§ Your task
Beginning with the line that contains "离开俄勒冈州塞勒姆的重型交通" in the material below, print each line exactly until the line that contains "沈锡纯 四季图 153×44cm×4 纸本设色" has been printed, then stop.

§ Records for the task
++++++

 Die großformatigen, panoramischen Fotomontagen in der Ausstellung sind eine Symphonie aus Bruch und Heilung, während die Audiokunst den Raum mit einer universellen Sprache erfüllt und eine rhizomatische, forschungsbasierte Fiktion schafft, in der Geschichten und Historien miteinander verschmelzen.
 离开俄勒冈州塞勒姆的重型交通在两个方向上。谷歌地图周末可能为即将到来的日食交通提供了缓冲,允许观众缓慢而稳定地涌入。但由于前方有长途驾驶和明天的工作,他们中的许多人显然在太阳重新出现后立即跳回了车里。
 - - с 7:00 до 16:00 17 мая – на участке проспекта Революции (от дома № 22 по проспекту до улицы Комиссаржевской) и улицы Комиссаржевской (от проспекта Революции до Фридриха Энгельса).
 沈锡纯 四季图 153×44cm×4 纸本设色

++++++

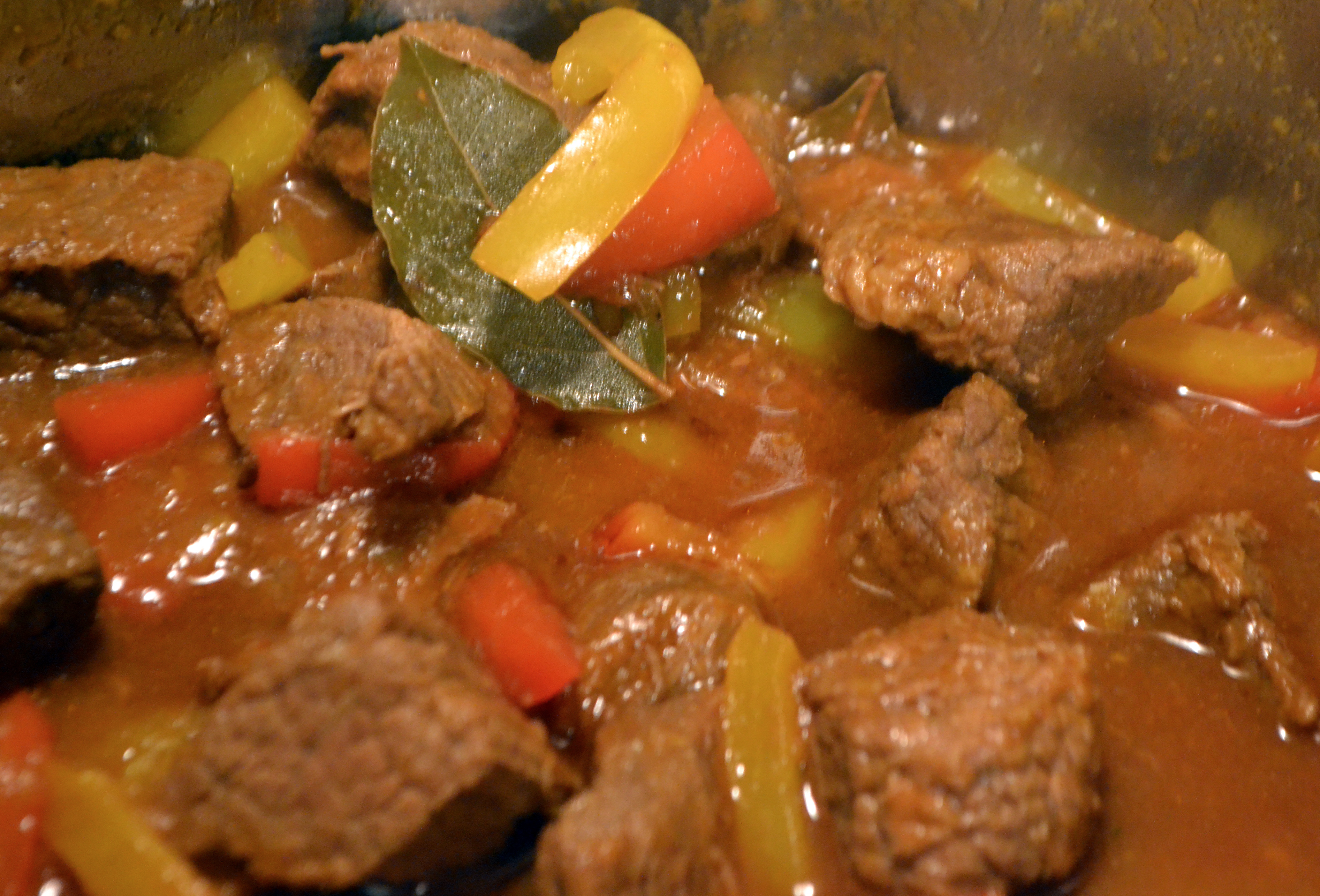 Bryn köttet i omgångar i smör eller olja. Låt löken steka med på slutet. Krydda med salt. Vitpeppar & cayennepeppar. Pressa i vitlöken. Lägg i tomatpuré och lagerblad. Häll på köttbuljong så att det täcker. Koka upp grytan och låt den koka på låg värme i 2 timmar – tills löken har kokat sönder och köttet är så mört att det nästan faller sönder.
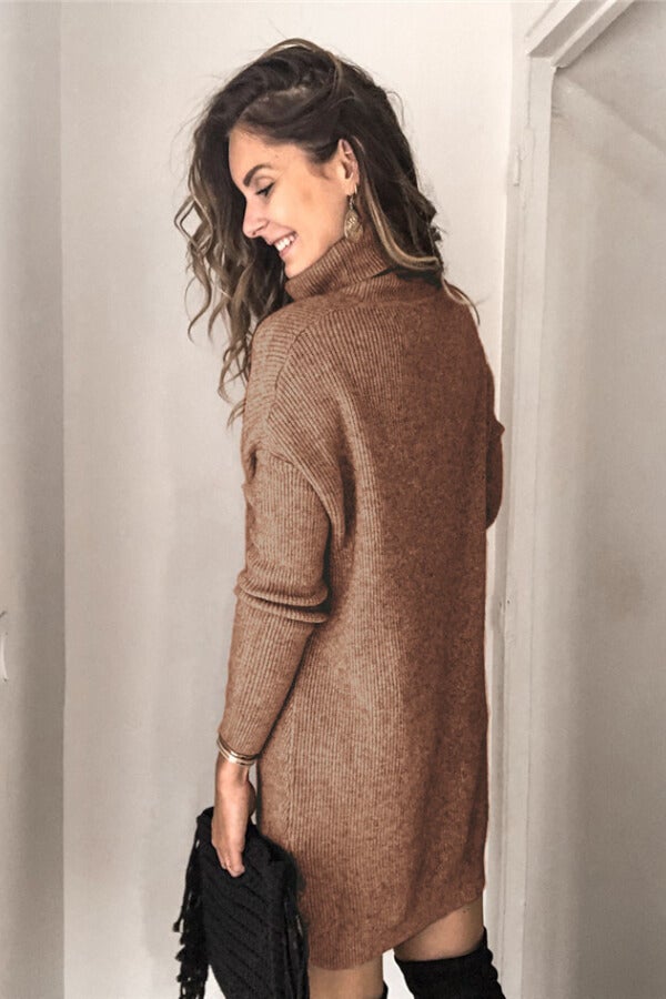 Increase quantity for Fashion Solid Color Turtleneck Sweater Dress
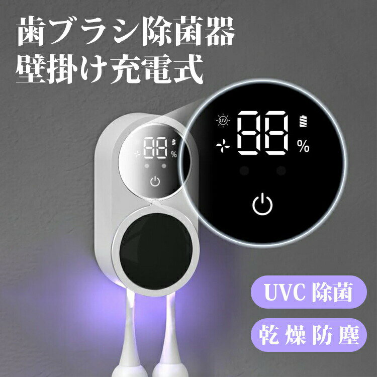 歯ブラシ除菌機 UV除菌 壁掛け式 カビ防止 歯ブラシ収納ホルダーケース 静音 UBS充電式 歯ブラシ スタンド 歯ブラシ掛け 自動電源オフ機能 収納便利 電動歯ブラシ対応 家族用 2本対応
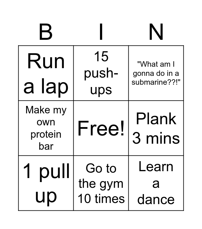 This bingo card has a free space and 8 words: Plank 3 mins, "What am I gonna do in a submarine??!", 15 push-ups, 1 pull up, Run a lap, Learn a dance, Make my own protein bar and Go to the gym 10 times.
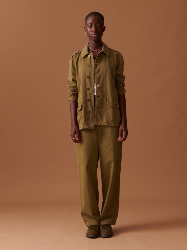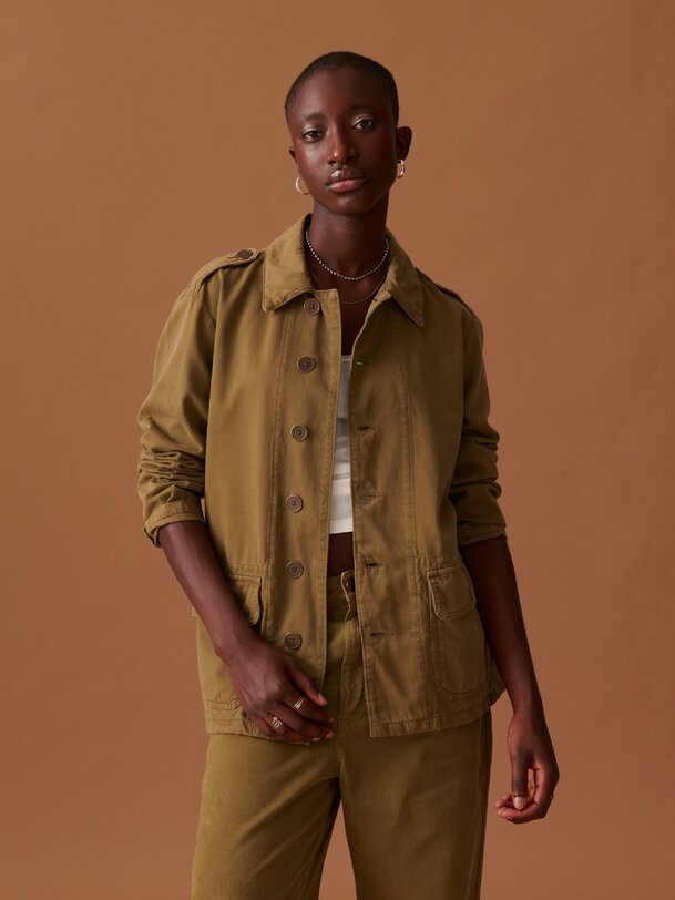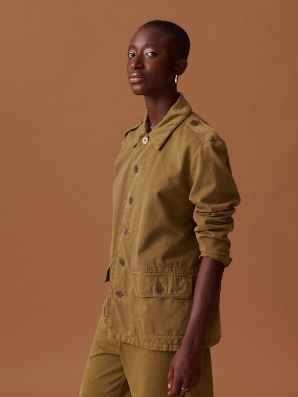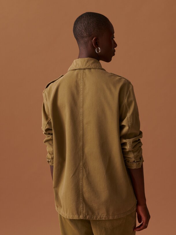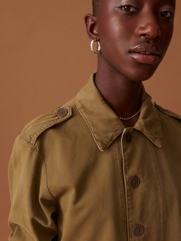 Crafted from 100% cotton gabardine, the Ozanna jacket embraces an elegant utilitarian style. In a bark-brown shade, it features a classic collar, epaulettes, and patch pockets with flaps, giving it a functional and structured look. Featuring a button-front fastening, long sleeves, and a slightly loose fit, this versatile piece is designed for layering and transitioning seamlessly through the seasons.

++++++

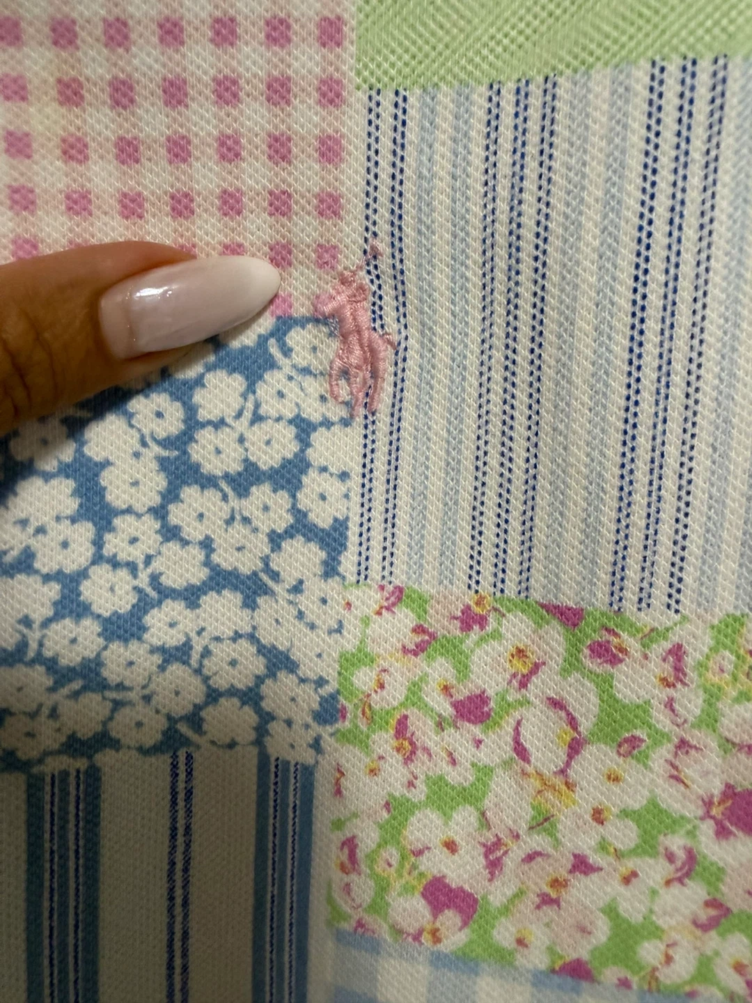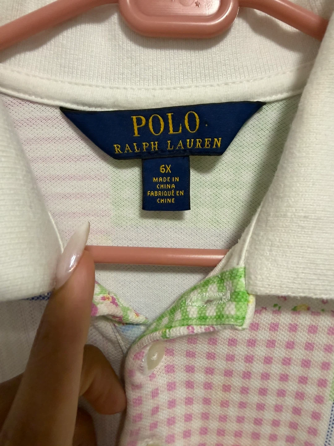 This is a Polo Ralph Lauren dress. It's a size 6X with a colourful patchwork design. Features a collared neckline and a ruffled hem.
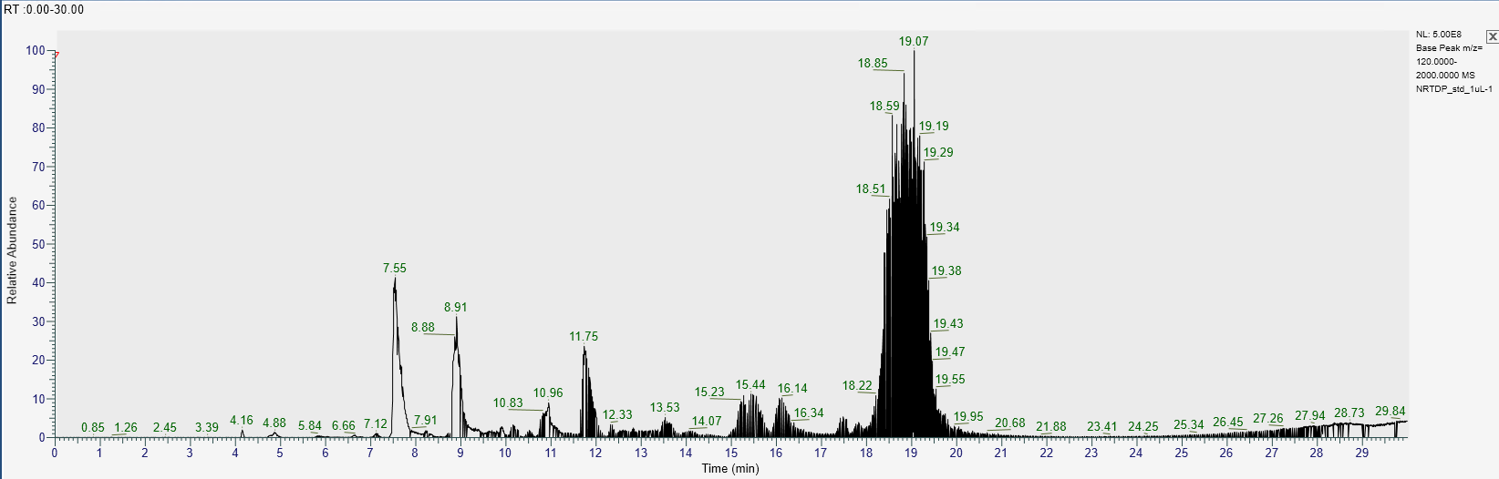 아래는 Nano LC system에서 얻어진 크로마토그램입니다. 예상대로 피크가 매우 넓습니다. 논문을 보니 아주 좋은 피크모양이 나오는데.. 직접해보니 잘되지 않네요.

++++++

§ Task solution
 离开俄勒冈州塞勒姆的重型交通在两个方向上。谷歌地图周末可能为即将到来的日食交通提供了缓冲,允许观众缓慢而稳定地涌入。但由于前方有长途驾驶和明天的工作,他们中的许多人显然在太阳重新出现后立即跳回了车里。
 - - с 7:00 до 16:00 17 мая – на участке проспекта Революции (от дома № 22 по проспекту до улицы Комиссаржевской) и улицы Комиссаржевской (от проспекта Революции до Фридриха Энгельса).
 沈锡纯 四季图 153×44cm×4 纸本设色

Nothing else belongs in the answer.